Hey dude, you know that Messoamerican barrier reef is one of the largest in the world right? I stayed at Mayan riviera one time near xcaret and there were so many colourful fishes day and night despite the area being a heavy traffic zone.










Also, Belize should have a ton of great snorkeling there too as the entire coast is covered by the said reef:

http://belizebarrierreef.blogspot.ca/


----------



## kuopan (Sep 6, 2010)

for the price, mayan riveria in mexico has been the best for me so far. I went on a snorkerling excursion and it was better than any of the ones I've been. 
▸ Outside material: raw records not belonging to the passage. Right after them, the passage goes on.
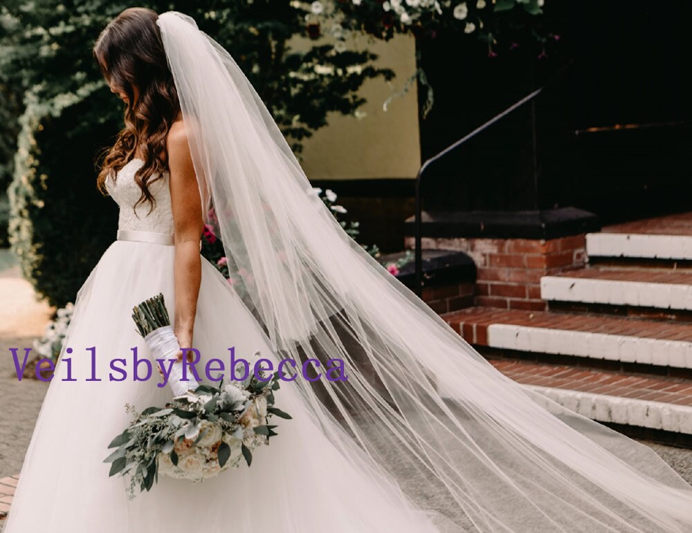 2 tiers cathedral tulle veil, simple tulle cathedral veil with blusher, plain tulle drop wedding veil in cathedral, long tulle veil V602
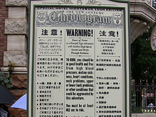 タワー・オブ・テラーの注意書き。ディズニーシーでお勧めアトラクションの一つです。
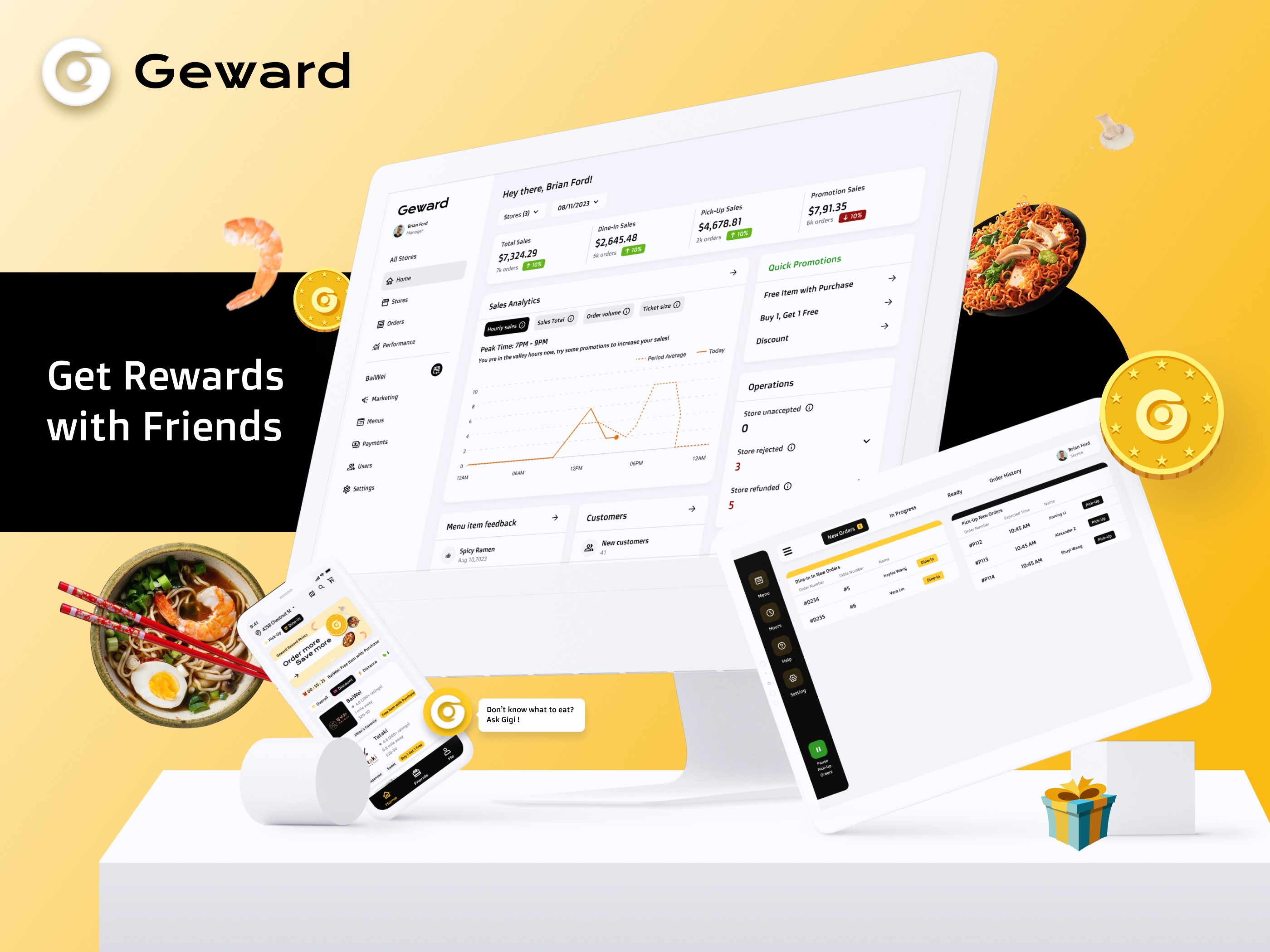 Geward is a social-driven B2C ordering platform that redefines convenience, affordability, and fun in the ordering experience. By blending social interactions, AI-powered recommendations, and an integrated rewards system, the platform transforms a typically solitary process into an engaging and shareable activity. Additionally, Geward empowers minority-owned businesses with a user-friendly cloud POS system, enabling them to implement dynamic pricing strategies, optimize operations, and foster customer loyalty.
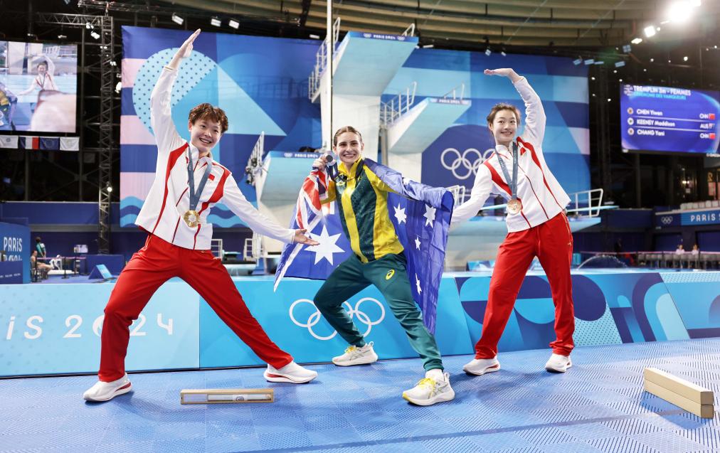 8月9日,冠军中国选手陈艺文(左)、亚军澳大利亚选手基尼(中)、季军中国选手昌雅妮在颁奖仪式后。当日,在巴黎奥运会跳水项目女子3米板决赛中,中国选手陈艺文获得金牌,澳大利亚选手基尼获得银牌,中国选手昌雅妮获得铜牌。新华社记者 张玉薇 摄

they seem to have the most excursions and you can do other adventure excursions like zip lining, checking out the ruins, etc..


----------



## Zidartha (Nov 16, 2012)

Cozumel. Great spots all around the island and less expensive than Riviera...


----------



## 12273 (Nov 3, 2012)

Jamaica!!!! Off the coast of negril. It's amazing. Millions of fish! Great area and two big lion fish got in my face. Edge of the reef is really deep and creepy. So don't venture off like I did LOL. 

It also includes a trip to jimmy buffets margarita ville and lots of booze! Plus a fun boat ride !!!!!! 


Sent from my iPhone using Tapatalk


----------



## neemo (Feb 4, 2014)

If ya can ever get out to Hawaii, you will be blown away

Best snorkelling experience ever, fish, turtles, corals all in fairly shallow and easy accessed waters

In Caribbean, Cuba, mexico, dominican all good, you have to get on a boat and go out a bit to get to the reef to see a good amount of reef life but some areas for snorkelling off the beach are ok as well - these are the beaches tourists hate because they are usually rocky lol


----------



## fesso clown (Nov 15, 2011)

Ya, I would love to be able to do Hawaii but it's a cash thing right now. I think we have decided on Cuba, we've been there before and loved it. Music, art, museums no American tourists and there are a couple places to snorkel between Havana and Varadero. The main point is to get the fcuk out of here to the sun for a week.


----------



## neemo (Feb 4, 2014)

most people have a love/hate relationship with cuba

personally I like cuba - safe, beautiful, and unspoiled with North American commerce ( McD's, KFC, Home Depot, et al)

have fun


----------



## 12273 (Nov 3, 2012)

I love Cuba for Same as above. I didn't snorkel there because the beach in varadero is simply that, a beach. No real structure under water. Great for swimming though! 


Sent from my iPhone using Tapatalk


----------



## disman_ca (Nov 12, 2011)

I just came back from from Akumal Quintana Roo, Mexico where I stayed at the Grand Sirenis Mayan Breach resort. https://www.sirenishotels.com/en/info/hotel/grand_sirenis_mayan_beach_hotel_spa/ The place was excellent, food the best I've had on vacation, rooms we huge and beaches were great. You can snorkel right off the beach as it has some reef inside a cove so the water is calm. It has plenty of species of fish and sea turtles feeding off the bottom.

Google maps link: https://maps.google.ca/maps/ms?msid...ll=20.428722,-87.292203&spn=0.007641,0.011126

If you don't enjoy the snorkeling there then you can go to Xel ha for the day and snorkel as it is fantastic there. https://plus.google.com/100584609655024325360/about?gl=ca&hl=en


----------



## sig (Dec 13, 2010)

PaulF757 said:


> I just got back from samana in DR. The snorkelling was pretty good, not too many corals but lost of fish and i even saw a turtle. Now the resort i stayed at Grand Paradise, they had a reef there but they charged $25 to snorkel it, so i just waited till 5pm when they left and did it for free.
> 
> I did two scuba dives which was some of the best I've done.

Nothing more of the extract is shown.